With my appointment at the Chiari institute being less than a week away now, I have a lot on my mind. I feel a bit of apprehension at the thought of this upcoming appointment. The blessing of having Chiari malformation vs Multiple Sclerosis is the fact that chiari is fixable and MS is not. However, there is a sense of nervousness as I realize that these doctors have the final decision in there hands. Part of my nerves come from a worry that they may delay the decision again which I am not sure I could take. However, I guess I would rather that instead of them saying no.
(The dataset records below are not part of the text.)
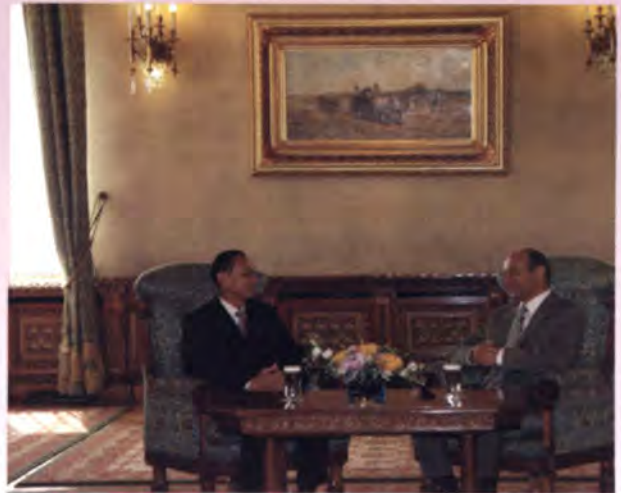
ระหว่างการหารือข้อราชการระหว่างประธานวุฒิสภาไทย และประธานาธิบดีโรมาเนีย

คณะวิชาการเดินเรือจากสถาบันการเดินเรือ และหลักสูตรการจัดการอุตสาหกรรมการ ขนส่งทางทะเลจากสถาบันนอร์เวย์ ได้รับ การเลือกตั้งเป็นสมาชิกสภาผู้แทนราษฎร สังกัดพรรค Democratic Party (PD) ในปี พ.ศ. 2535 และดำรงตำแหน่งรองประธาน คณะกรรมการการอุตสาหกรรมและบริการ และผู้ว่าการกรุงบูคาเรสต์ ก่อนที่จะเข้ารับ ตำแหน่งประธานาธิบดีเมื่อวันที่ 18 ธันวาคม 2547
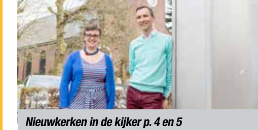
Nieuwkerken in de kijker p. 4 en 5

De informatie die op dit document wordt vermeld is bestemd voor het interne gebruik van de diverse diensten van de N-VA. De wet van 8 december 1992 in verband met de bescherming van de persoonlijke levenssfeer ten opzichte van de gegevensverwerking voorziet toegangsrecht tot de gegevens, het verbeteren of verwijderen ervan.
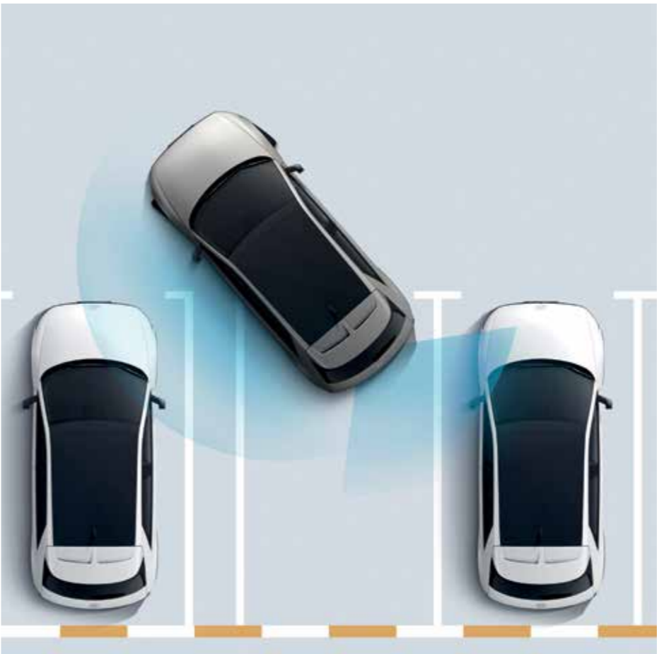
Forward/Side/Reverse/ Parking Distance Warning (PDW) Forward/Side/Reverse Parking Distance Warning (PDW) prévient des collisions avec des objets situés autour du véhicule à faible vitesse.
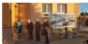
5 lutego 2020. Wystawa „Ukradzione dzieciństwo” w Kozłowie
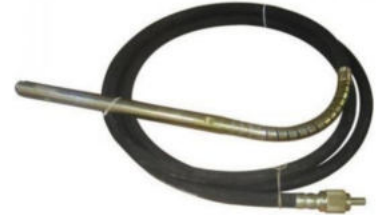
Yarım Ay Vibratör Hortumu Hortum Uzunluğu:4 M Şişe Çapı:Ø 45 Motor Girişi:Yarım Ay Ağırlık:4.0 Kg.
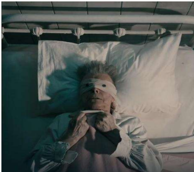
Slika u bolničkoj postelji iz spota za pesmu "Lazarus"

"Kameleon" svetskog roka preminuo je 8. januara ove godine, ali je jedna od retkih ličnosti koja je živela rokerski život punim plućima bez želje da pusustane. To dokazuje i činjenica da je se osamnaest meseci hrabro borio protiv raka, a to javnost ne sazna. Čak je par dana pre smrti objavio i album Blackstar na kojem kao da se oprostio od fanova kada je za numeru "Lazarus" snimio spot gde on leži u bolničkoj postelji dok peva "Ja sam u raj".
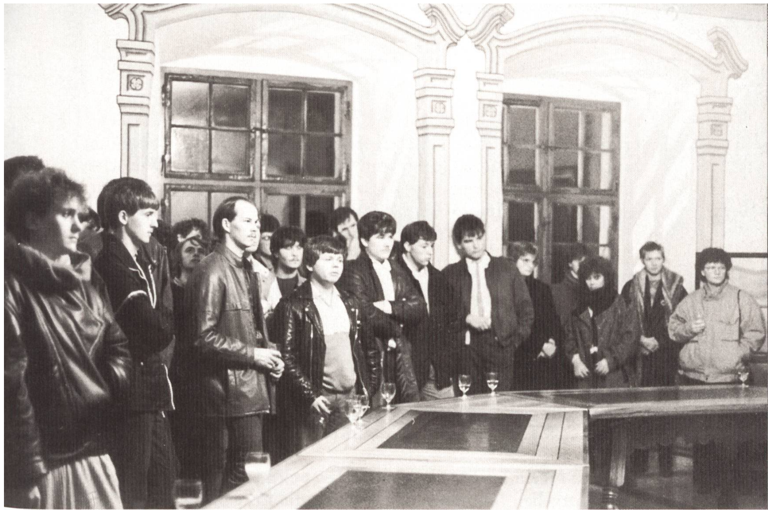
Fast während der ganzen Restaurierungszeit blieb der Rittersaal, der jetzt Ritterstube heisst, für offizielle und private Anlässe benutzbar, wie bei der Jungbürgerfeier 1985.
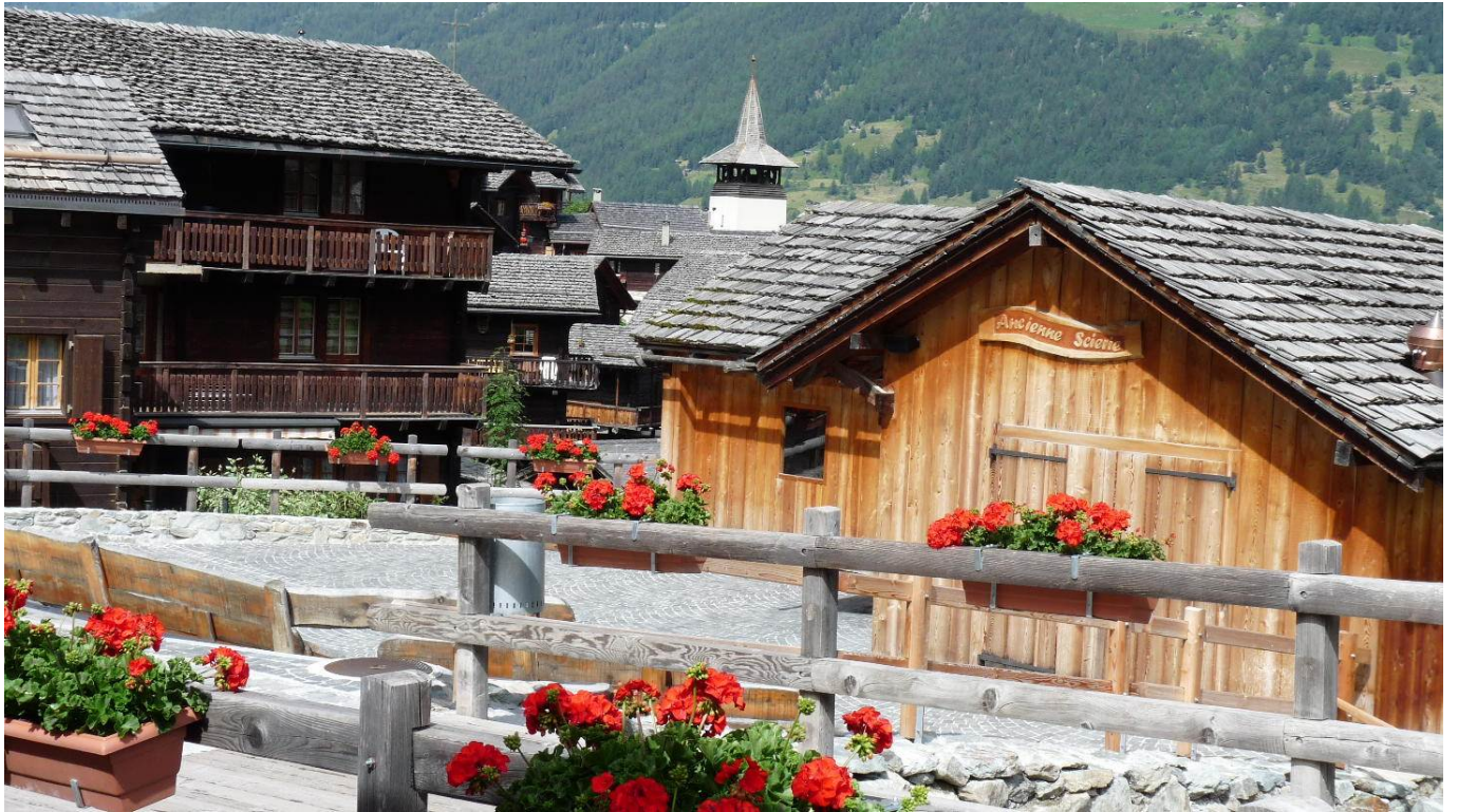
Le village de Grimentz

After taking a bad fall this week because I am having problems with my right leg not always listening to what my mind tells it to do, I am annoyed by the frustrating and increasing symptoms. However, even though I want to have the surgery and therefore the possibility of relief I sense God is calling me to a difficult decision. I feel as though He is not preparing me for a no or a yes but to come to a place where I am willing to accept whatever happens. I don't feel this is a place of giving up really but in reality a surrendering to God and His will for my life. I am not giving up the fight by any means because either way I will be in a fight. Either a fight to maintain as normal a life as I can with the symptoms I have or a fight to recover from a major surgery. Either way I am in for a fight but that fight becomes that much easier when it is one I am fighting with God.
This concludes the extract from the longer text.